The aggregate proceeds to the selling stockholders from the sale of the shares offered by them will be the purchase price of the common stock less discounts or commissions, if any. Each of the selling stockholders reserves the right to accept and, together with their agents from time to time, to reject, in whole or in part, any proposed purchase of common stock to be made directly or through agents. We will not receive any of the proceeds from this offering. We will, however, receive the proceeds of any warrants exercised for cash.

The selling stockholders also may resell all or a portion of the shares in open market transactions in reliance upon Rule 144 under the Securities Act, provided that they meet the criteria and conform to the requirements of that rule.

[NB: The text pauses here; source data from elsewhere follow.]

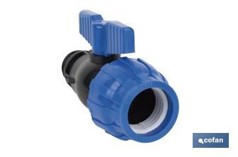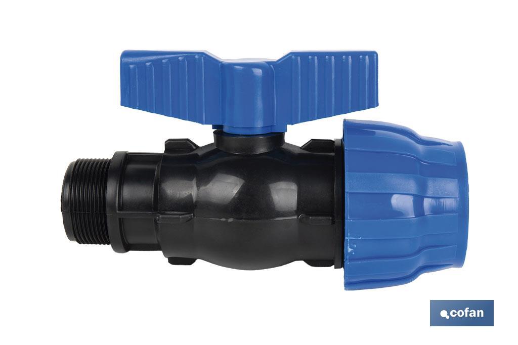 This ball valve coupling has a BSP male thread and is intended for polyethylene (PE) pipes. Suitable for working on water supply systems with a nominal pressure of 16 bars. It is made of high-quality and highly durable polypropylene, having a black finish and a blue nut and lever. It has an EPDM sealing gasket for a strong and long-lasting tightening without leakages. Available in different sizes. It is supplied in packs or in single units, depending on the size.
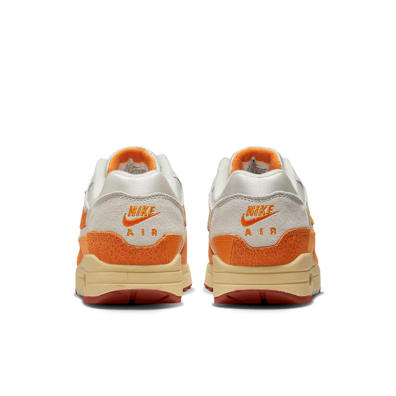 The Nike Air Max 1 Master Magma Orange W features a segmented mudguard with various materials and colors.This Air Max 1 model for women (W) has a base layer of white mesh and then displays a panel of grey suede to the heel and midfoot areas. The canvas and leather panels, the latter of which is available in both reptile leather and safari varieties, are covered by the Magma Orange tone on the wrap-around mudguard and Swooshes. The style is finished off by old orange, and burgundy outsoles and yellowed midsoles. The Nike Air logo is printed on its heel.The Nike Air Max 1 Master Magma Orange W debuted on December 27th, 2022. It retailed at $160.
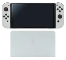 The Nintendo Switch is a hybrid video game console, consisting of a console unit, a dock, and two Joy-Con controllers.[88] Although it is a hybrid console, Nintendo classifies it as "a home console that you can take with you on the go".[89][90] In addition the company says that the Switch and the Nintendo 3DS are meant to co-exist, considering the 3DS as an entry-level product for younger players.[89][91]
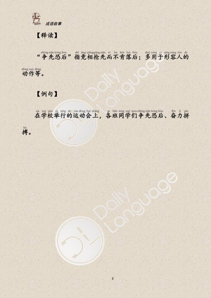 [zhēng xiān kǒng hòu],指竞相抢先而不肯落后;多用于形容人的动作等。
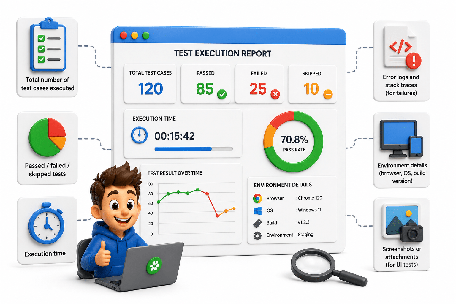A test execution report is a structured document (HTML, JSON, XML, etc.) that summarizes the results of automated or manual test runs.
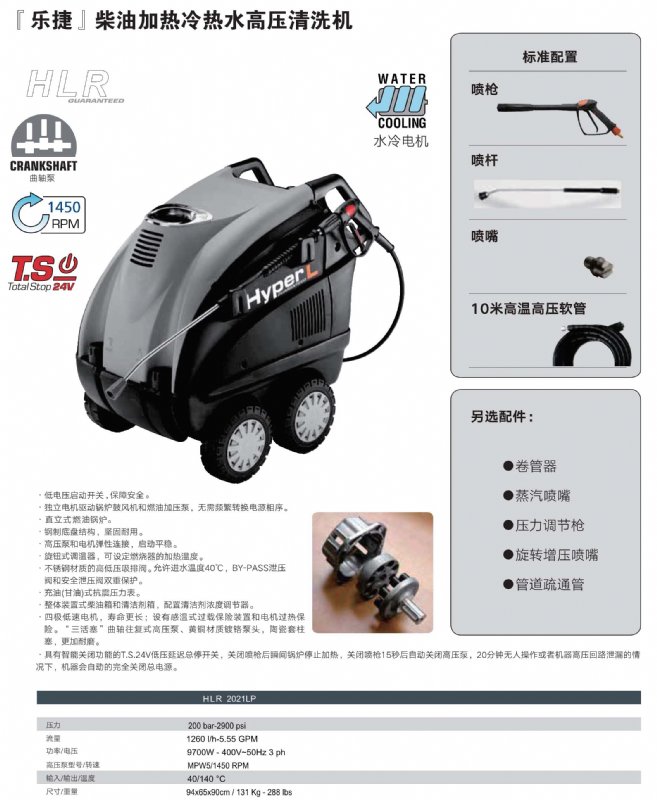 清洗机HYPER2021是一款大型的高压热水清洗机。它是一款原装意大利进口的清洗机,体积紧凑,配有四个大的实心轮子,移动方便。工业级别的曲轴泵,
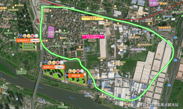 保利江缦雄踞佛山顺德陈村三龙湾东翼核心板块,华阳路东侧、东平河畔,地处禅城、桂城、顺德陈村三城交汇之处,与佛山新城一江之隔,是广佛同城化的 “桥头堡”。三龙湾作为政府重点打造的广佛融合核心区,累计投入超千亿元,金融、商贸、科技产业高度聚集,人才虹吸效应显著,日均流动人口巨大,商业活力与消费能级领跑全城。
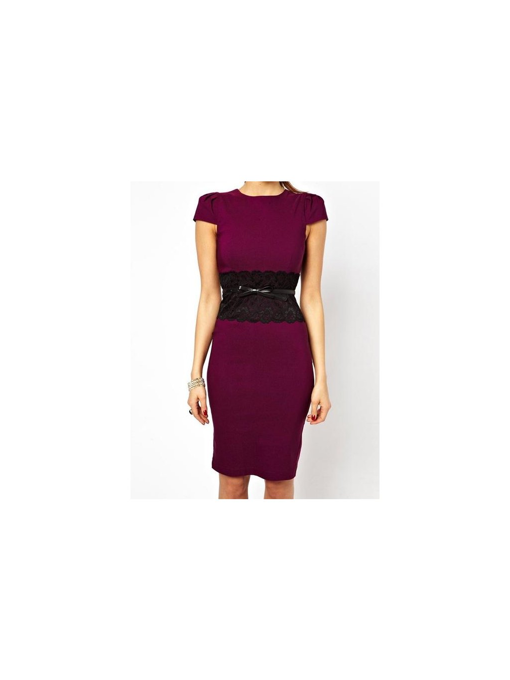 A Elegantní pouzdrové šaty s krajkou fialkové OH036
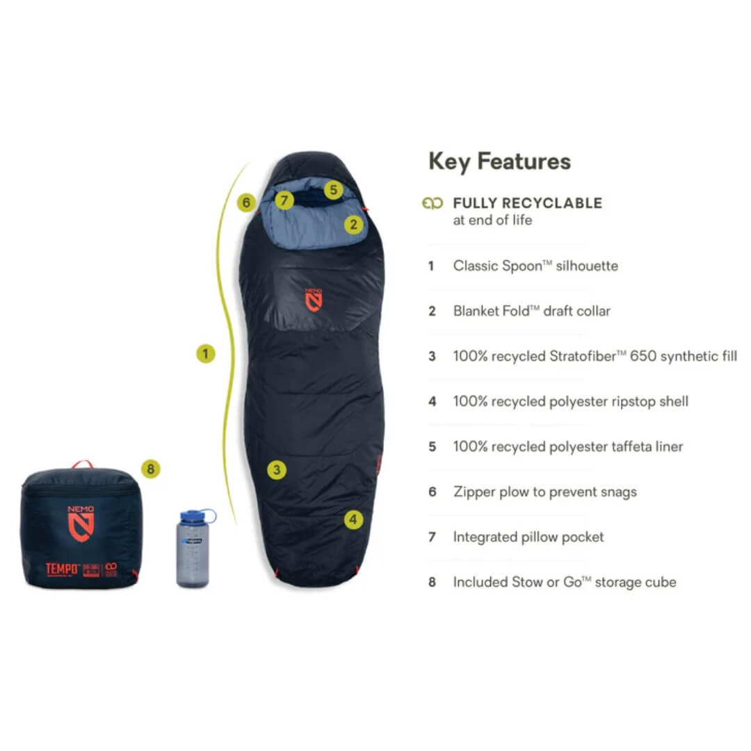 Nemo Tempo Mens 20 Endless Promise er en komfortabel og rummelig sovepose til brug i 3 sæsoner. Den egner sig godt til både camping, vandreture og backpacking, hvor man har brug for en sovepose, der kan holde en varm på kølige nætter.

The selling stockholders and any broker-dealers that act in connection with the sale of securities may be deemed to be “underwriters” within the meaning of Section 2(11) of the Securities Act in connection with such sales, and any commissions received by such broker-dealers and any profit on the resale of the securities sold by them while acting as principals may be deemed to be underwriting discounts or commissions under the Securities Act. In the event that any selling stockholder is deemed to be an “underwriter” within the meaning of Section 2(11) of the Securities Act, the selling stockholder will be subject to the prospectus delivery requirements of the Securities Act. The selling stockholders may indemnify any broker-dealer that participates in transactions involving the sale of the shares against certain liabilities, including liabilities arising under the Securities Act. To our knowledge and based upon information we received from the selling stockholders, each selling stockholder that is affiliated with a broker-dealer acquired the shares of common stock being registered hereunder in the ordinary course of business, and, at the time such selling stockholder acquired the shares being registered hereunder, such selling stockholder did not have any agreement or understanding, directly or indirectly, with any person to distribute such shares. To our knowledge, none of the selling stockholders received any shares as underwriting compensation.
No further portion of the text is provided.